→ Task objective: In the records below, find the line that contains "Lacivert Gri Uzay" and the line that contains "For the first"; write out exactly those two lines and everything between them, without the pictures.

→ Exercise data:
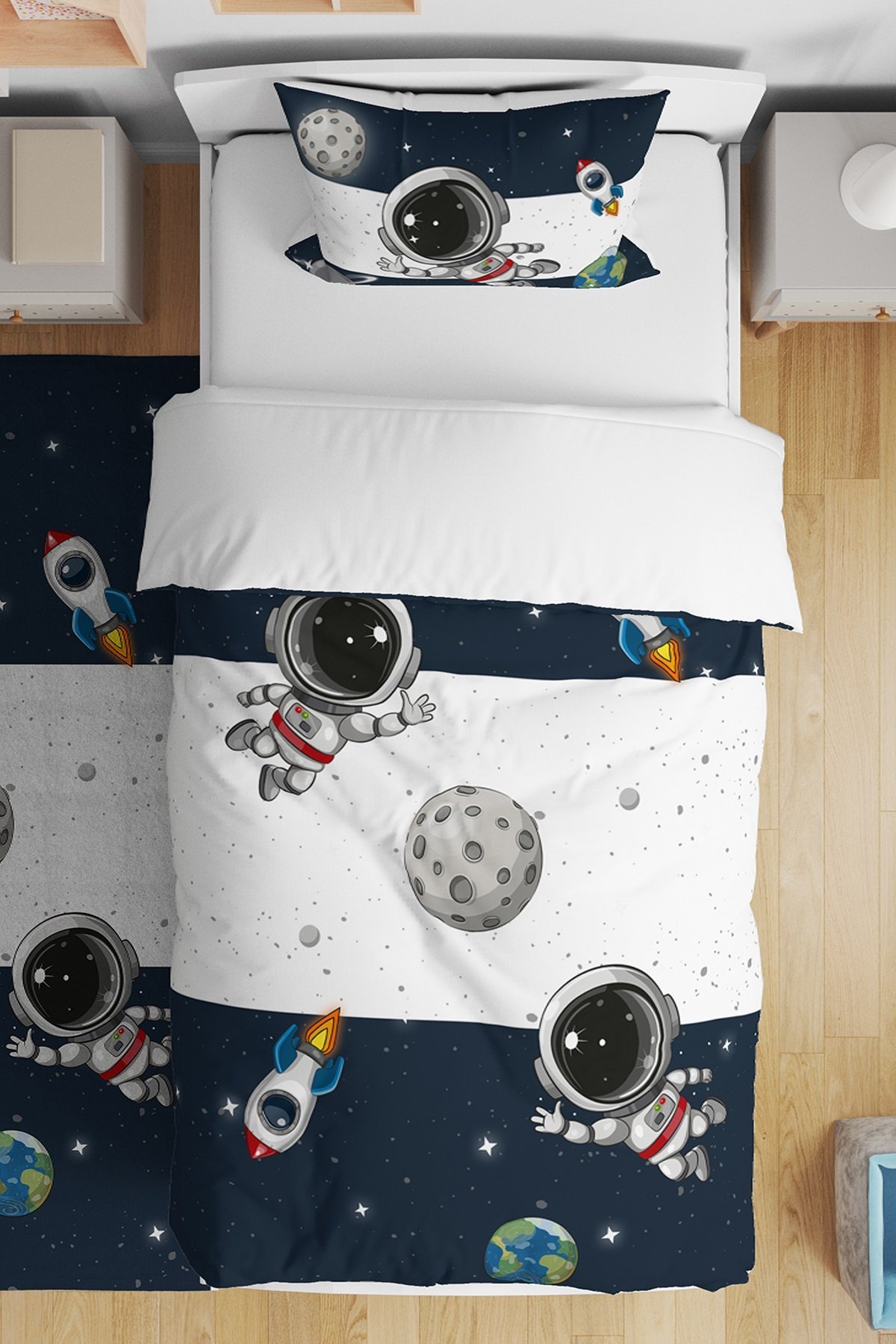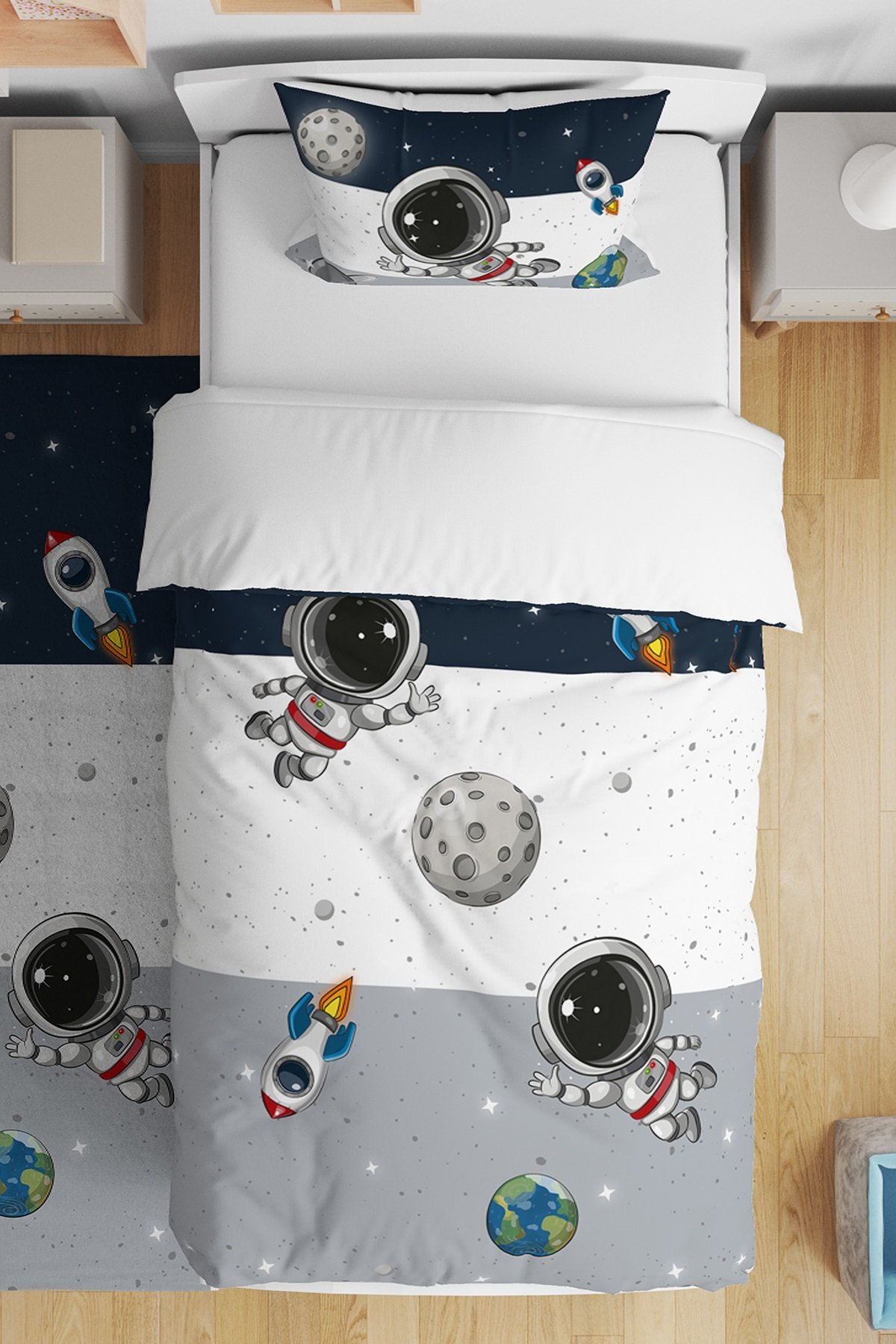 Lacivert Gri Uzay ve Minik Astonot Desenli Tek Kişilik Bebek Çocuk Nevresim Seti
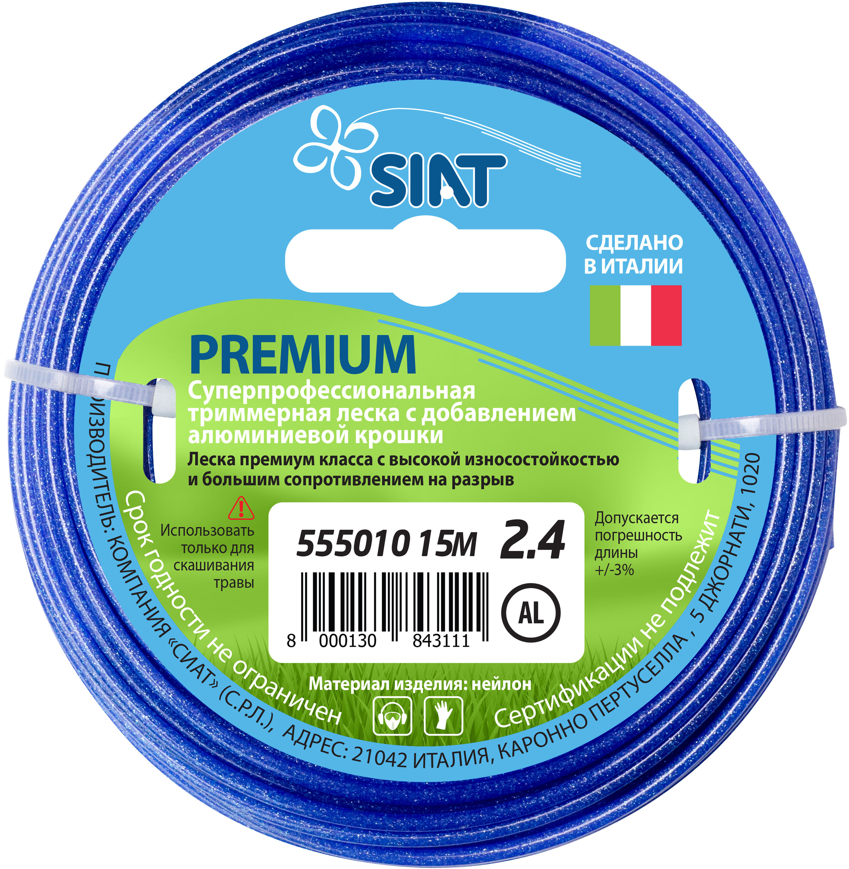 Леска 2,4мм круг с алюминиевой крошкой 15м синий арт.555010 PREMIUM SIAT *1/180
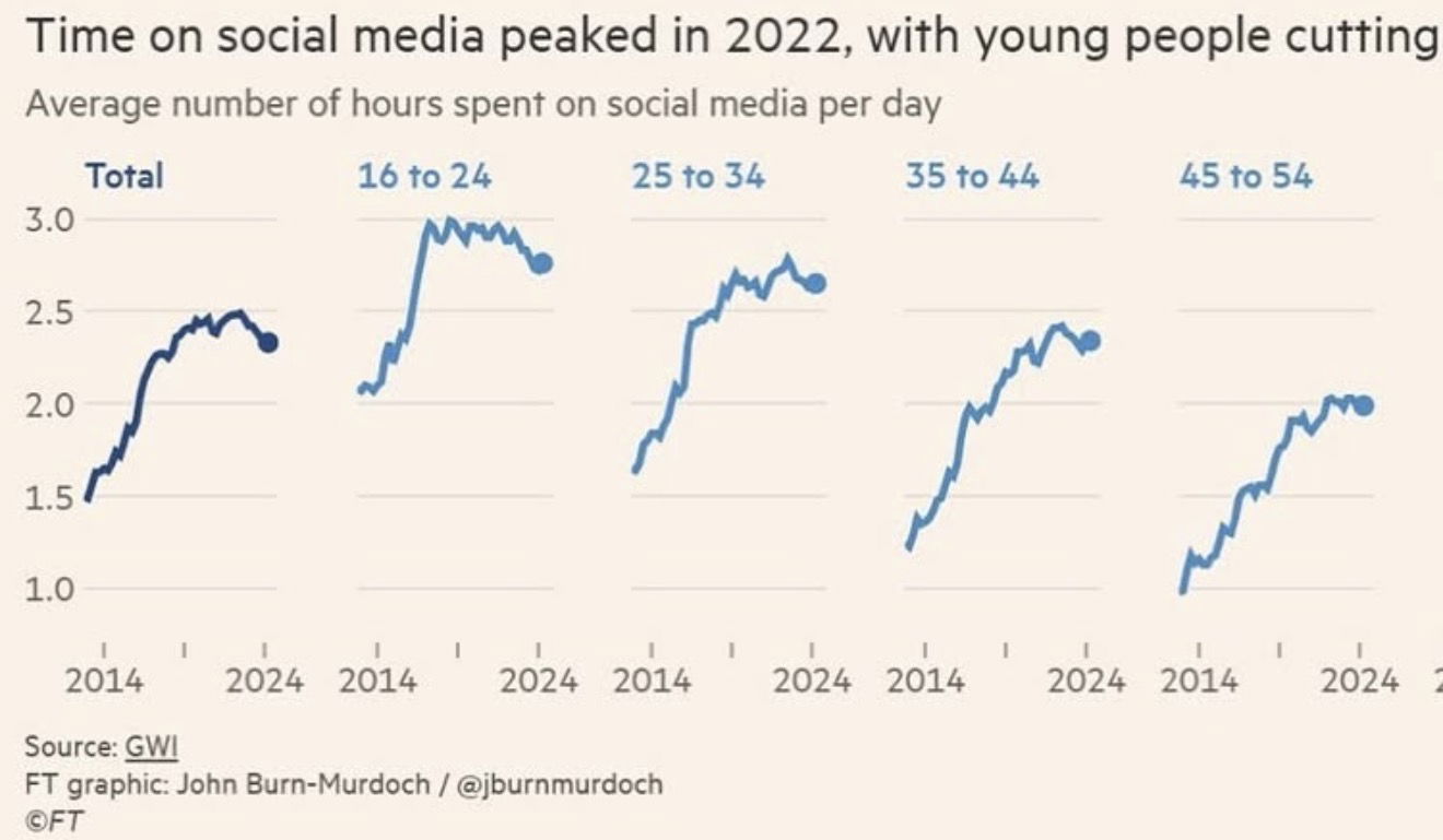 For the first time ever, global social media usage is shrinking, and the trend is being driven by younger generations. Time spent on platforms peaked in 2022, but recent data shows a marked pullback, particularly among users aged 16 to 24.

==

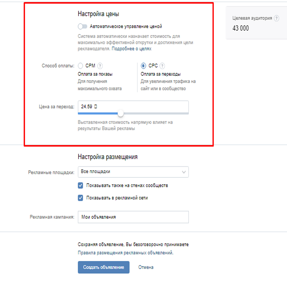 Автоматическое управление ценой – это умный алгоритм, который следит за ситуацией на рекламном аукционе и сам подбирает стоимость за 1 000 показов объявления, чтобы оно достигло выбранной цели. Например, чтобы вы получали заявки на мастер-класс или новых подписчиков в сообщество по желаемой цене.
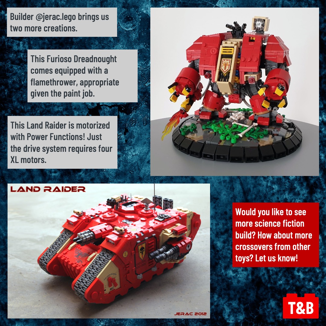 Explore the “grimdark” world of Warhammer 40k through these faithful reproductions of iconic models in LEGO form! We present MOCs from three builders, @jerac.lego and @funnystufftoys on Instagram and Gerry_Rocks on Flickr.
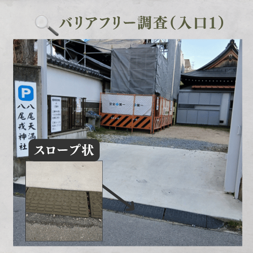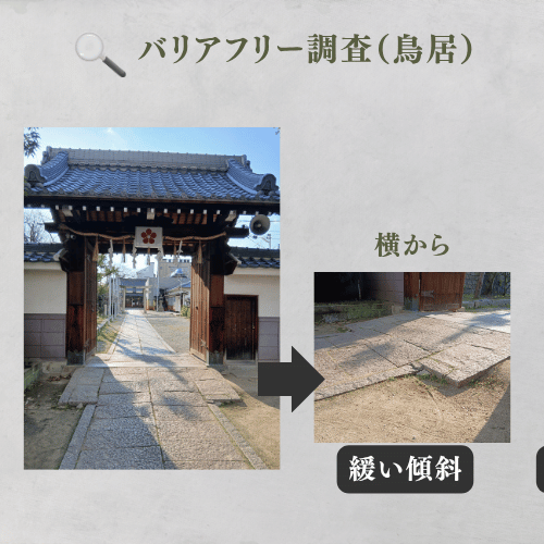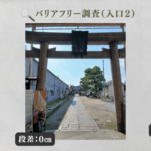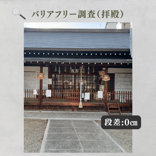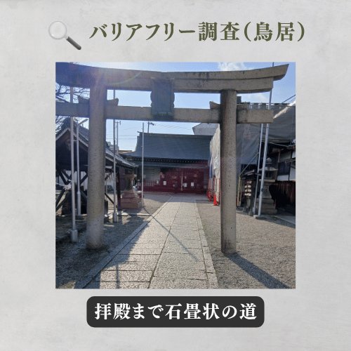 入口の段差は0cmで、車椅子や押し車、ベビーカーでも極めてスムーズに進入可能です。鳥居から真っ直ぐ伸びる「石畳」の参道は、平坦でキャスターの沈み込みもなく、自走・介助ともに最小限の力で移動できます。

---

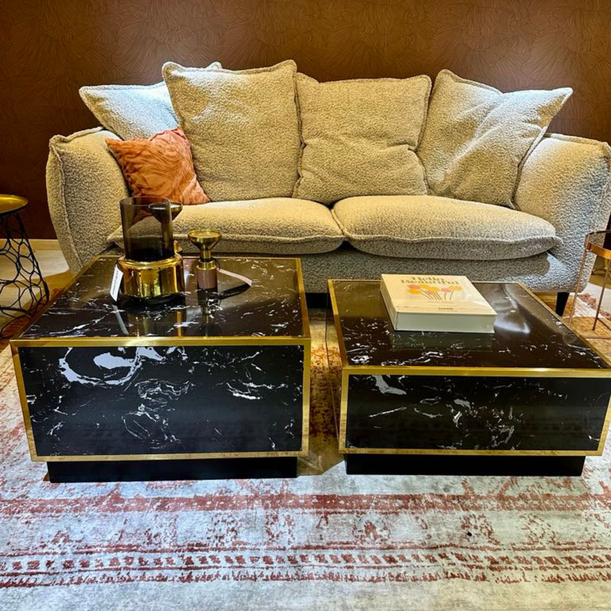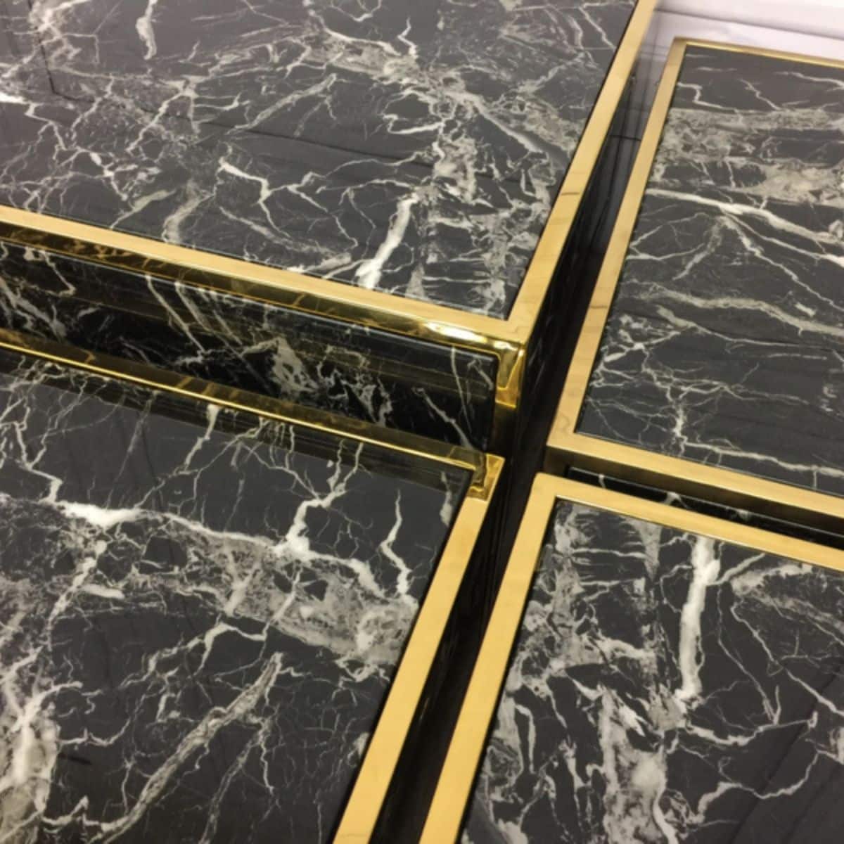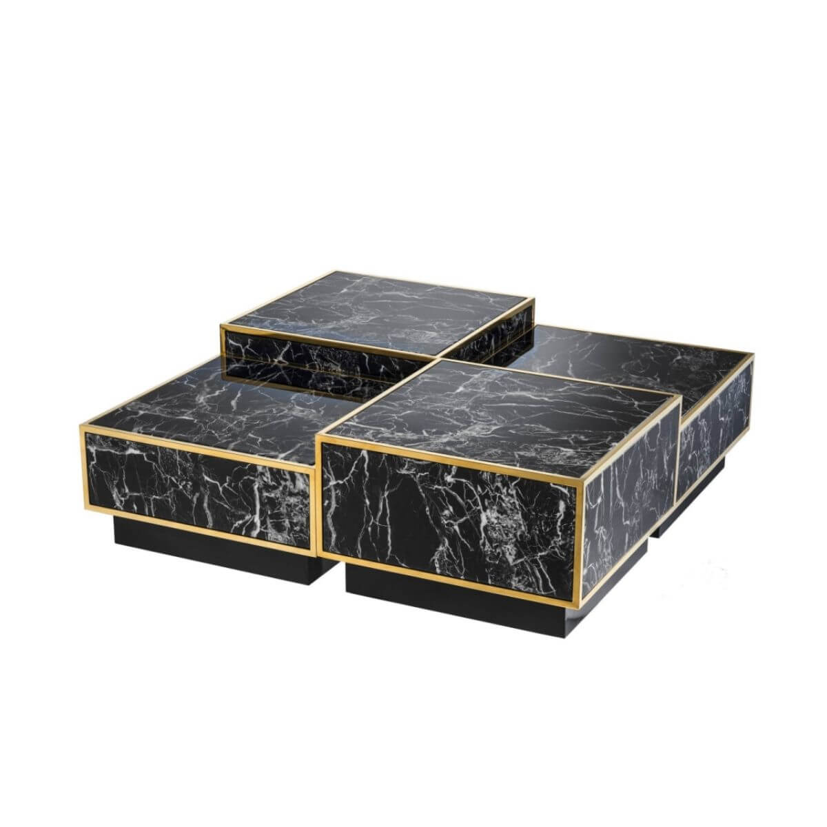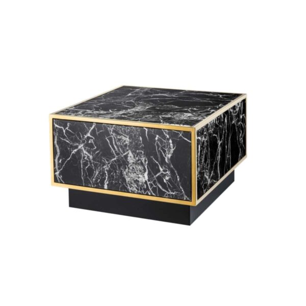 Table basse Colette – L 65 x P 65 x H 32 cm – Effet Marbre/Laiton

→ Output for this task:
 Lacivert Gri Uzay ve Minik Astonot Desenli Tek Kişilik Bebek Çocuk Nevresim Seti
 Леска 2,4мм круг с алюминиевой крошкой 15м синий арт.555010 PREMIUM SIAT *1/180
 For the first time ever, global social media usage is shrinking, and the trend is being driven by younger generations. Time spent on platforms peaked in 2022, but recent data shows a marked pullback, particularly among users aged 16 to 24.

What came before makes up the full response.